### EXERCISE INSTRUCTIONS
Return nothing but the lines from the one with "Proton NMR Proton NMR C,H,0" through the one with "- I also open" in the data below, word for word and without pictures.

### TASK DATA
::::

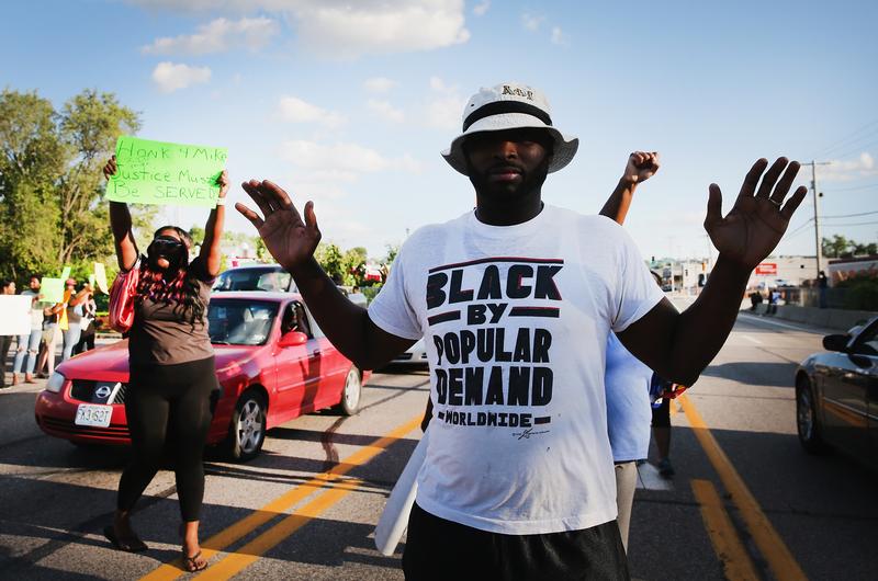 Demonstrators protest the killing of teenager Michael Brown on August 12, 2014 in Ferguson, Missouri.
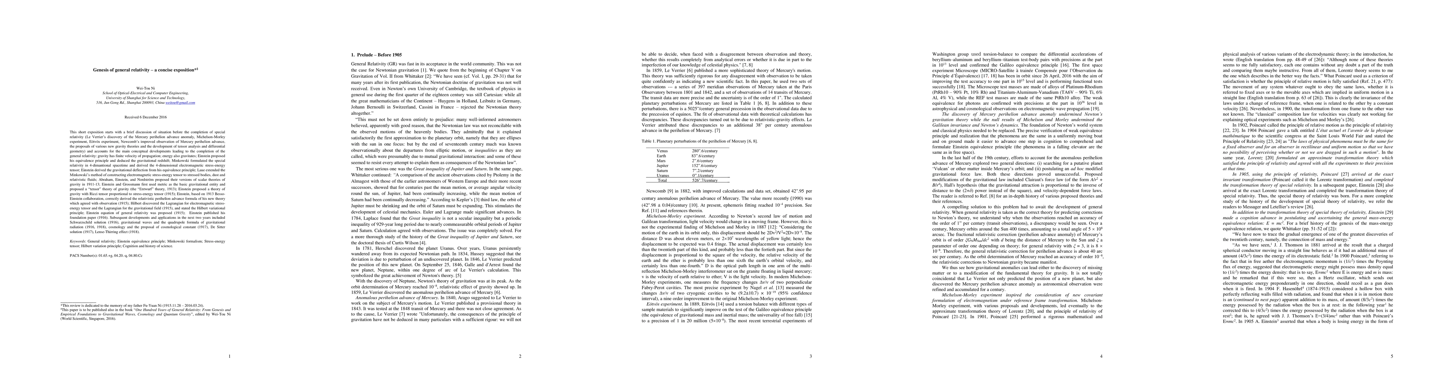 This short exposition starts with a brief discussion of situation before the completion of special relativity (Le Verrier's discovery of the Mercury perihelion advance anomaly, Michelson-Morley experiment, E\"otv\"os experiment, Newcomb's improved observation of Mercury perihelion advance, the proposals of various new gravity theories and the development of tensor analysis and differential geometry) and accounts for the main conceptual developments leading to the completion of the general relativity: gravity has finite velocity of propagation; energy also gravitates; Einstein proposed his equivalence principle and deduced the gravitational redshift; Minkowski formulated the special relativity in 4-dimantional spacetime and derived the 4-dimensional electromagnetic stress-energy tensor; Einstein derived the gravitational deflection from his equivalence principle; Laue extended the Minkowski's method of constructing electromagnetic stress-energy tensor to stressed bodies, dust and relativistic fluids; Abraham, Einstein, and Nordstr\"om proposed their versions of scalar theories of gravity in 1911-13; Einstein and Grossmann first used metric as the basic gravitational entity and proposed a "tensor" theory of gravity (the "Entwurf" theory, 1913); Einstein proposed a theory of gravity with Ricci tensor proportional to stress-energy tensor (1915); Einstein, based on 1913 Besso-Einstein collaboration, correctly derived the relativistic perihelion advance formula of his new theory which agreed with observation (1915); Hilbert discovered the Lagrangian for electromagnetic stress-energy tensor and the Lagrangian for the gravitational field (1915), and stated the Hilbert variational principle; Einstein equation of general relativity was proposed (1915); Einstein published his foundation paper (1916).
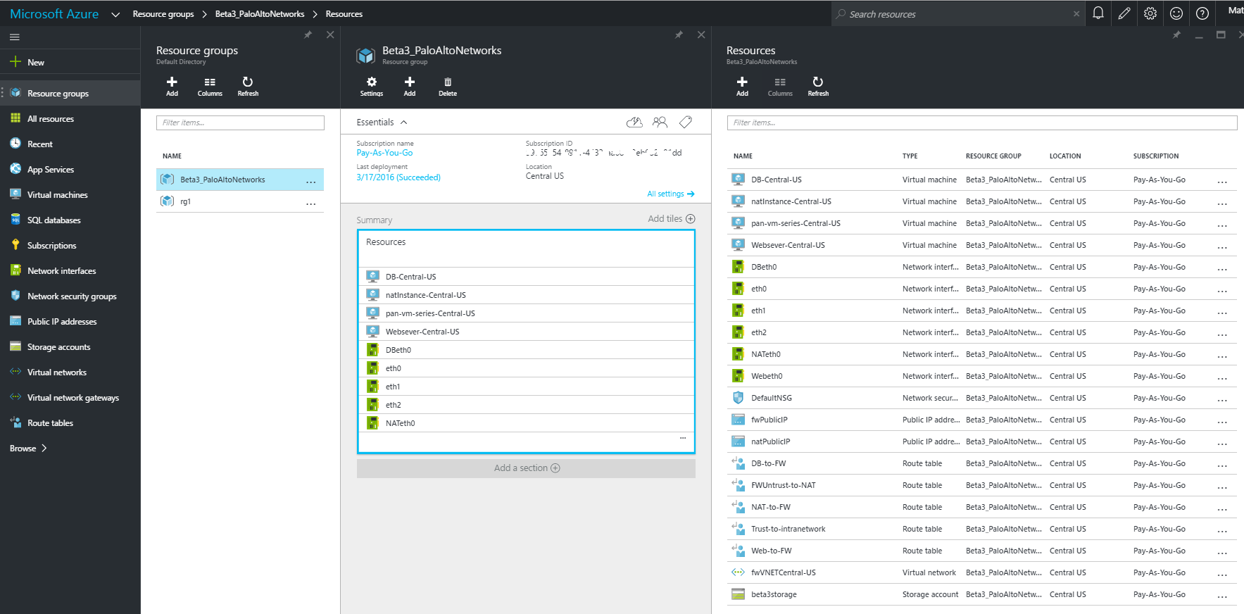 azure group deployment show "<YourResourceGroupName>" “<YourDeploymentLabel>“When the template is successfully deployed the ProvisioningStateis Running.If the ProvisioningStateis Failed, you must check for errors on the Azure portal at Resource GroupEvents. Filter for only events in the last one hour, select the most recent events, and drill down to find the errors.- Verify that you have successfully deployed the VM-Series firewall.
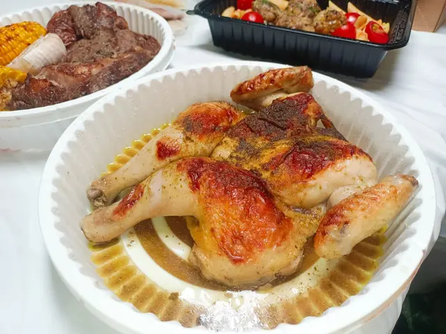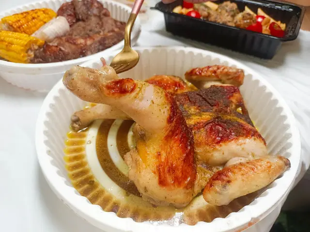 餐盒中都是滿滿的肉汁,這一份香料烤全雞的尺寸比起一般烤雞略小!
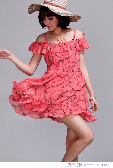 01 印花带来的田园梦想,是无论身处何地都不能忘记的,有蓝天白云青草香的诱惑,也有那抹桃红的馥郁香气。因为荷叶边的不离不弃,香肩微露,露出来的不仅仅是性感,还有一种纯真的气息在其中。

::::

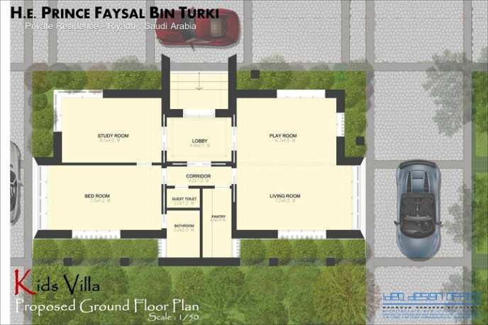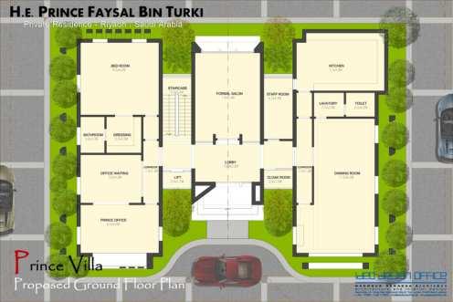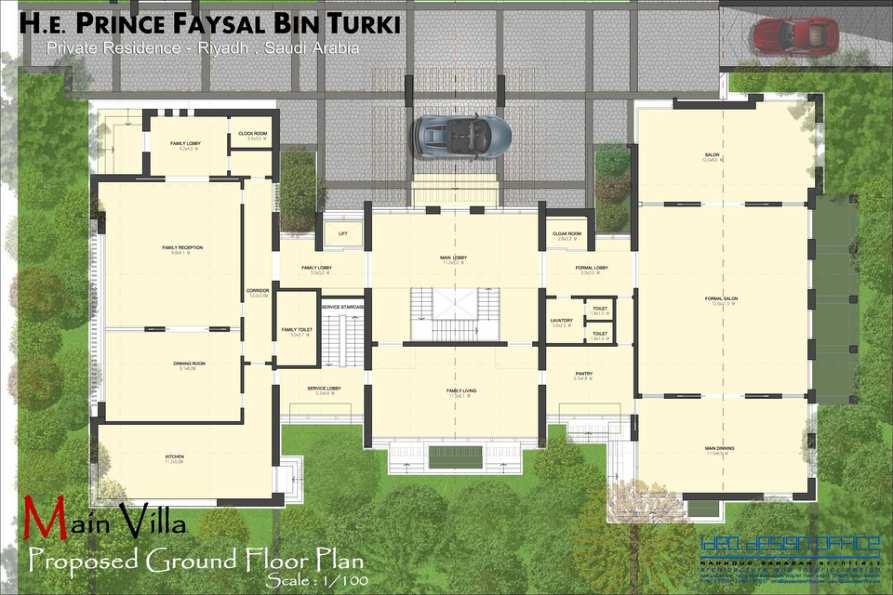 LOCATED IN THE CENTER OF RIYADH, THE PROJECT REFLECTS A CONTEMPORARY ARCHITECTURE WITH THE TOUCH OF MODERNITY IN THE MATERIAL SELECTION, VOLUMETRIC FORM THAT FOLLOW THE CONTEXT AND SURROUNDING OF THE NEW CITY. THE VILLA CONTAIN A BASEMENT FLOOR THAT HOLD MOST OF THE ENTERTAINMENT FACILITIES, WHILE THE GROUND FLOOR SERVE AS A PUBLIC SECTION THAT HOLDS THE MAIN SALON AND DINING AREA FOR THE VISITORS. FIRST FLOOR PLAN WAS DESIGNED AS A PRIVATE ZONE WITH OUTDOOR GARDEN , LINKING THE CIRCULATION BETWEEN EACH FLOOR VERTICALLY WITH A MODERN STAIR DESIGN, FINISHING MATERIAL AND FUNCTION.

::::

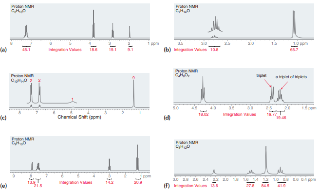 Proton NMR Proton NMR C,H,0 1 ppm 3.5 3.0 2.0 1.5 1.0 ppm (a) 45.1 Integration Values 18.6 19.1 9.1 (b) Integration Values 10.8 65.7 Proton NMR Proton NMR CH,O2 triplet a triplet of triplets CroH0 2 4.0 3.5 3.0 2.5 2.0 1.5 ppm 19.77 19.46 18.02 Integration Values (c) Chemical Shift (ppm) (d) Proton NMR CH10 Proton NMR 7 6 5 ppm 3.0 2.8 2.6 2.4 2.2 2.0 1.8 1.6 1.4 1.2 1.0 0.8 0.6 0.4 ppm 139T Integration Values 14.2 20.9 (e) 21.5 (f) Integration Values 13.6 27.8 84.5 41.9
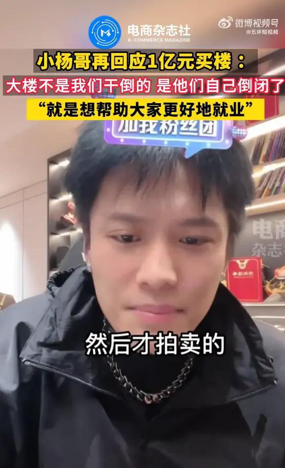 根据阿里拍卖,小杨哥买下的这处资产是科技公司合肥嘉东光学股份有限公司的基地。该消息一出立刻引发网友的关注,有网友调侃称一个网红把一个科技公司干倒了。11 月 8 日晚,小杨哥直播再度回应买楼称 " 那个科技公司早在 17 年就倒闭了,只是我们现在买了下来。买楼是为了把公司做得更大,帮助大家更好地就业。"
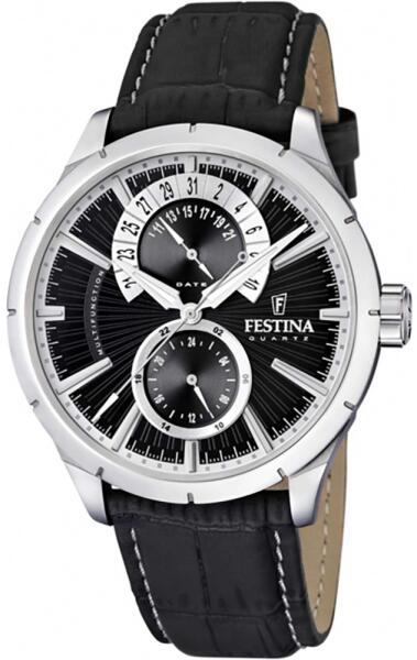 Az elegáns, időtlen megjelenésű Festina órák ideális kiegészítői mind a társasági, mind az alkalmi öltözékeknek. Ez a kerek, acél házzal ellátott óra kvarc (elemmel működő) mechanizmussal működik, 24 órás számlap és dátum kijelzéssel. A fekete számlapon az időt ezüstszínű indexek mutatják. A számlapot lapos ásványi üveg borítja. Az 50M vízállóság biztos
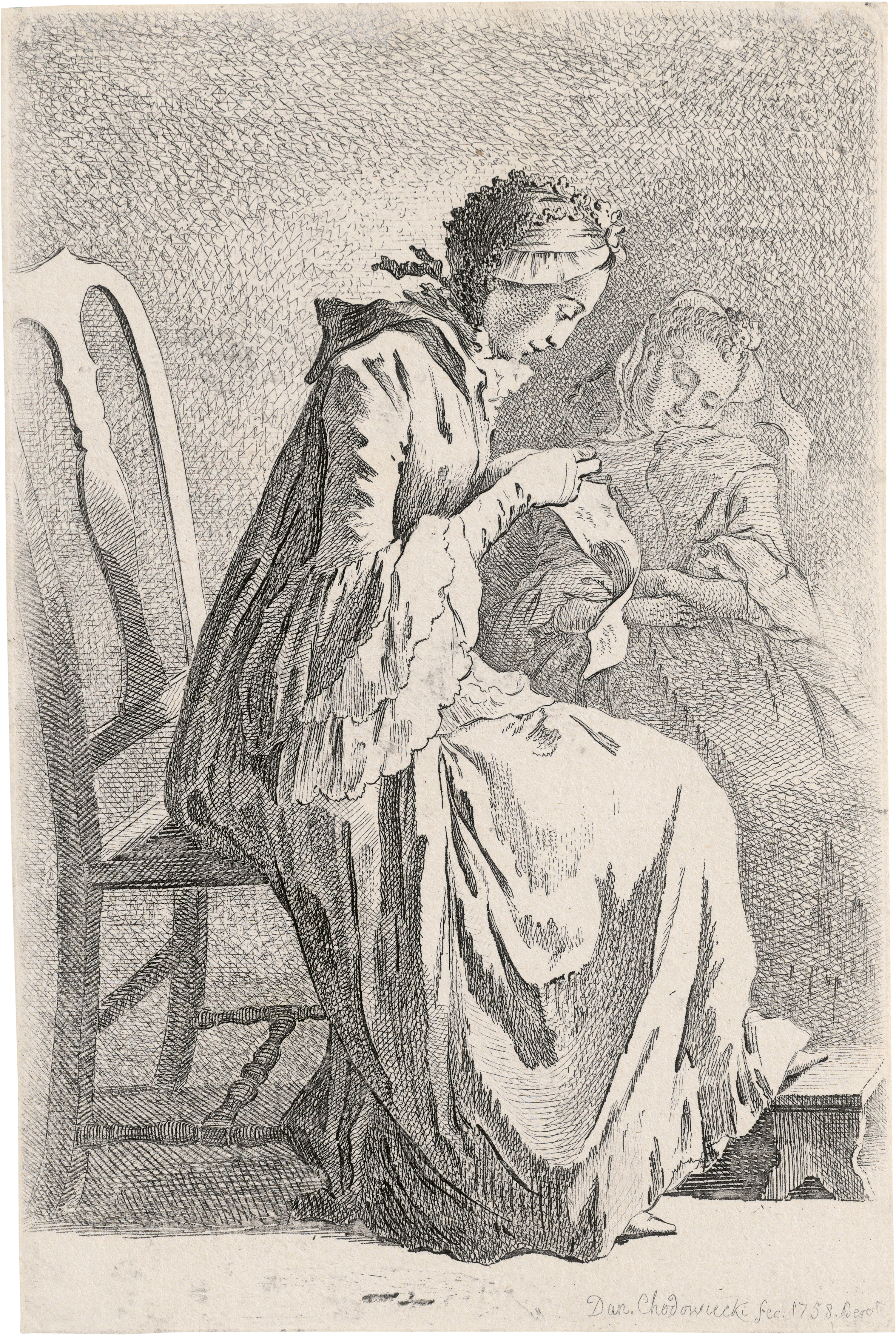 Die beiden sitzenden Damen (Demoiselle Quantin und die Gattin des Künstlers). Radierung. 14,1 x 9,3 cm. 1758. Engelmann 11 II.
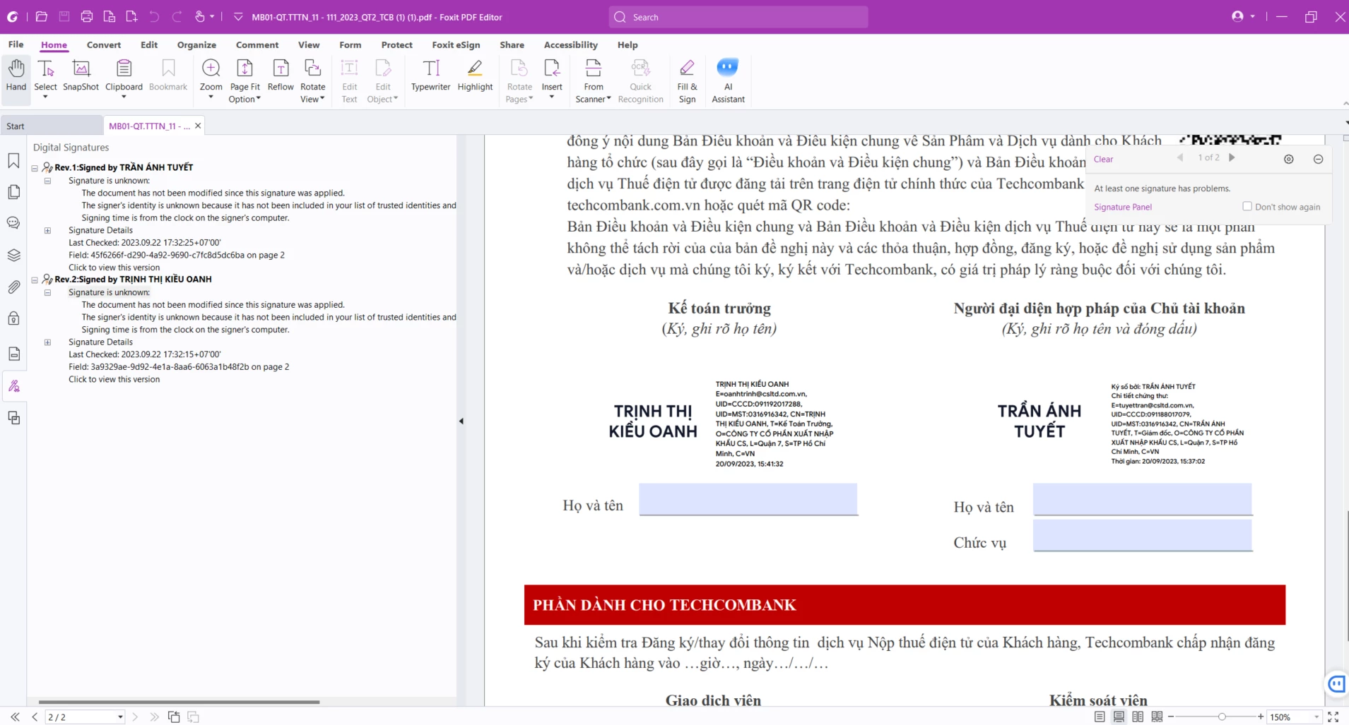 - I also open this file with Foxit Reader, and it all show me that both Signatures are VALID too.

::::

### SOLUTION TO THE PROBLEM
 Proton NMR Proton NMR C,H,0 1 ppm 3.5 3.0 2.0 1.5 1.0 ppm (a) 45.1 Integration Values 18.6 19.1 9.1 (b) Integration Values 10.8 65.7 Proton NMR Proton NMR CH,O2 triplet a triplet of triplets CroH0 2 4.0 3.5 3.0 2.5 2.0 1.5 ppm 19.77 19.46 18.02 Integration Values (c) Chemical Shift (ppm) (d) Proton NMR CH10 Proton NMR 7 6 5 ppm 3.0 2.8 2.6 2.4 2.2 2.0 1.8 1.6 1.4 1.2 1.0 0.8 0.6 0.4 ppm 139T Integration Values 14.2 20.9 (e) 21.5 (f) Integration Values 13.6 27.8 84.5 41.9
 根据阿里拍卖,小杨哥买下的这处资产是科技公司合肥嘉东光学股份有限公司的基地。该消息一出立刻引发网友的关注,有网友调侃称一个网红把一个科技公司干倒了。11 月 8 日晚,小杨哥直播再度回应买楼称 " 那个科技公司早在 17 年就倒闭了,只是我们现在买了下来。买楼是为了把公司做得更大,帮助大家更好地就业。"
 Az elegáns, időtlen megjelenésű Festina órák ideális kiegészítői mind a társasági, mind az alkalmi öltözékeknek. Ez a kerek, acél házzal ellátott óra kvarc (elemmel működő) mechanizmussal működik, 24 órás számlap és dátum kijelzéssel. A fekete számlapon az időt ezüstszínű indexek mutatják. A számlapot lapos ásványi üveg borítja. Az 50M vízállóság biztos
 Die beiden sitzenden Damen (Demoiselle Quantin und die Gattin des Künstlers). Radierung. 14,1 x 9,3 cm. 1758. Engelmann 11 II.
 - I also open this file with Foxit Reader, and it all show me that both Signatures are VALID too.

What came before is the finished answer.